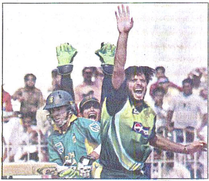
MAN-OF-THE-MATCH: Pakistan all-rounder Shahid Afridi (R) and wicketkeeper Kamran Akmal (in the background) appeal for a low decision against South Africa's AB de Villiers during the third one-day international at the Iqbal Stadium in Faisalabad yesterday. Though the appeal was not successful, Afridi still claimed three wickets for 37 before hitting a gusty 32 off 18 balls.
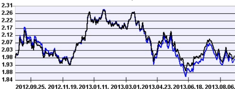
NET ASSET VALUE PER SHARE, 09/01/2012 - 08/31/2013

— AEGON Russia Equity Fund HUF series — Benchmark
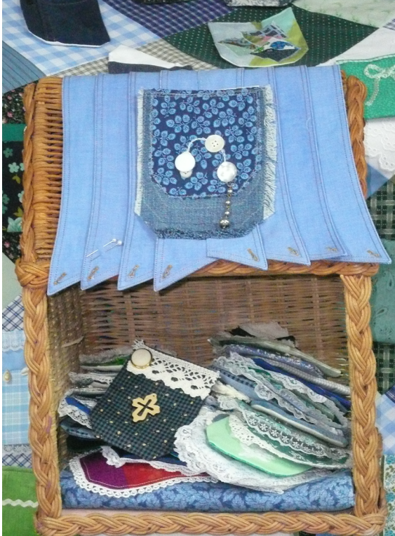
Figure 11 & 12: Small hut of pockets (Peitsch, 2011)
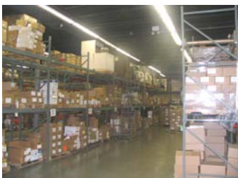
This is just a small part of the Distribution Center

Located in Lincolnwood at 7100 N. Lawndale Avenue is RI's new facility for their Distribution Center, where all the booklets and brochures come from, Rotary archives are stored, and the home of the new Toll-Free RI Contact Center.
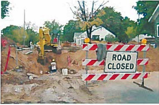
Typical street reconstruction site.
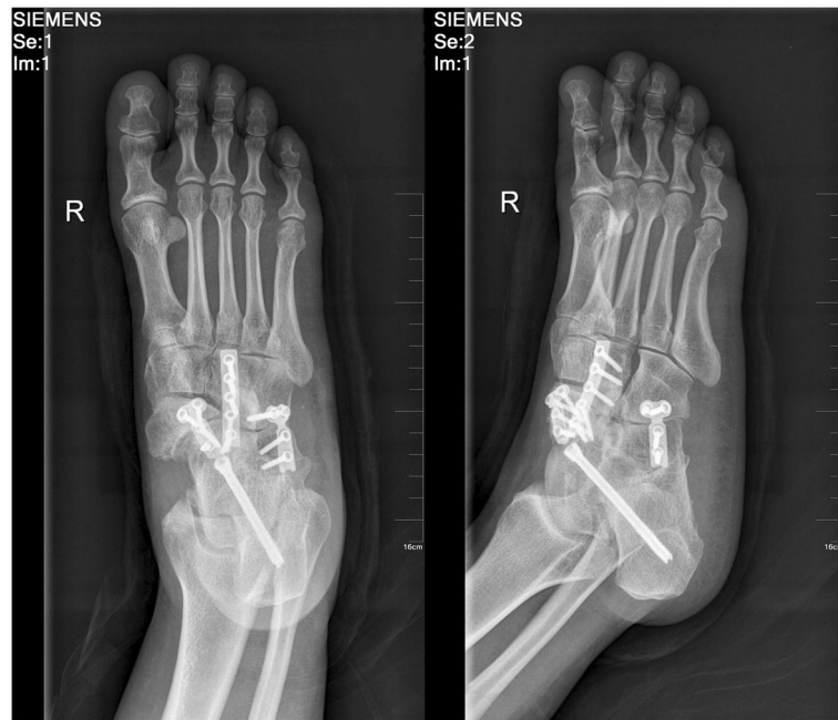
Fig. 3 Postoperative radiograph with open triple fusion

------

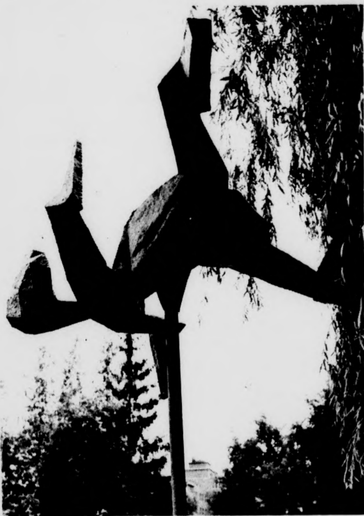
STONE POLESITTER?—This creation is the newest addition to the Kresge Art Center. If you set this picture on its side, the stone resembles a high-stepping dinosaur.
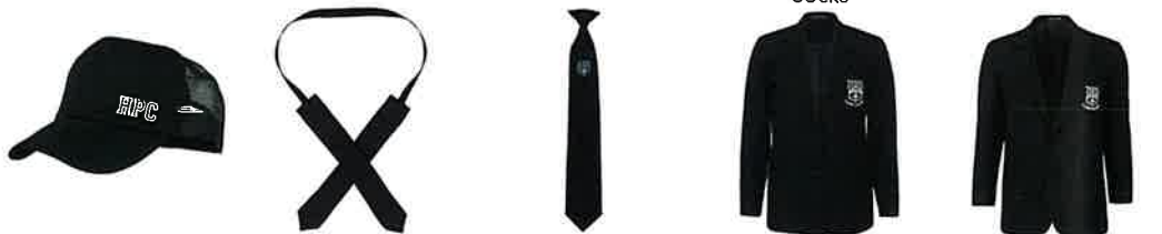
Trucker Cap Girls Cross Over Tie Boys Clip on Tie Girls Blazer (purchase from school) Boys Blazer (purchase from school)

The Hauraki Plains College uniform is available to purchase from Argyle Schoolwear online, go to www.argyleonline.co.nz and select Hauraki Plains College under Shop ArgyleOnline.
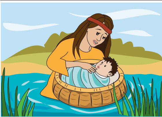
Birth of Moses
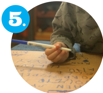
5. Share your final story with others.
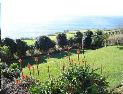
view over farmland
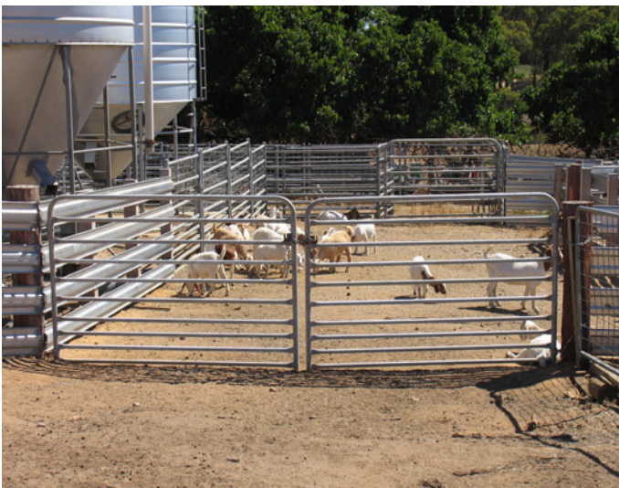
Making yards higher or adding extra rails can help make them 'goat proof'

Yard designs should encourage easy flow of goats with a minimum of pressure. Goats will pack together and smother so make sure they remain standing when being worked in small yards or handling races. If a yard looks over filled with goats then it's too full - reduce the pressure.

------

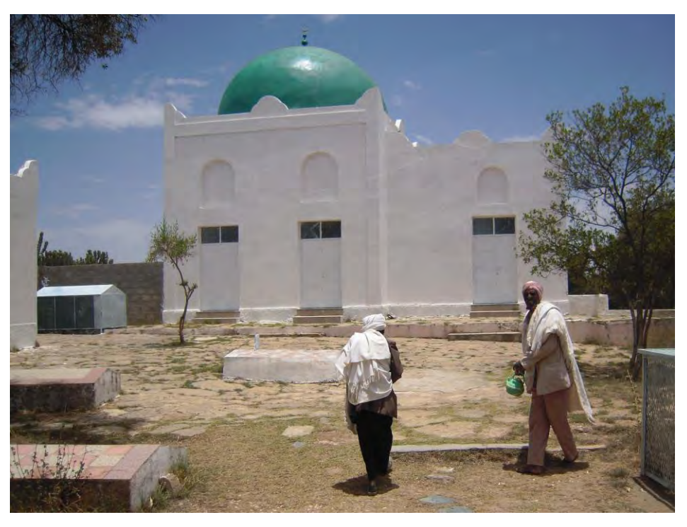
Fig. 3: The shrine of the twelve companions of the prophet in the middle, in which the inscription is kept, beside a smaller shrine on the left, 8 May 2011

------

Exercise prompt:
Reproduce the listing above exactly from the line containing "MAN-OF-THE-MATCH: Pakistan all-rounder" up to and including the line containing "Fig. 3 Postoperative", omitting any images and everything outside those lines.

Answer:
MAN-OF-THE-MATCH: Pakistan all-rounder Shahid Afridi (R) and wicketkeeper Kamran Akmal (in the background) appeal for a low decision against South Africa's AB de Villiers during the third one-day international at the Iqbal Stadium in Faisalabad yesterday. Though the appeal was not successful, Afridi still claimed three wickets for 37 before hitting a gusty 32 off 18 balls.
NET ASSET VALUE PER SHARE, 09/01/2012 - 08/31/2013

— AEGON Russia Equity Fund HUF series — Benchmark
Figure 11 & 12: Small hut of pockets (Peitsch, 2011)
This is just a small part of the Distribution Center

Located in Lincolnwood at 7100 N. Lawndale Avenue is RI's new facility for their Distribution Center, where all the booklets and brochures come from, Rotary archives are stored, and the home of the new Toll-Free RI Contact Center.
Typical street reconstruction site.
Fig. 3 Postoperative radiograph with open triple fusion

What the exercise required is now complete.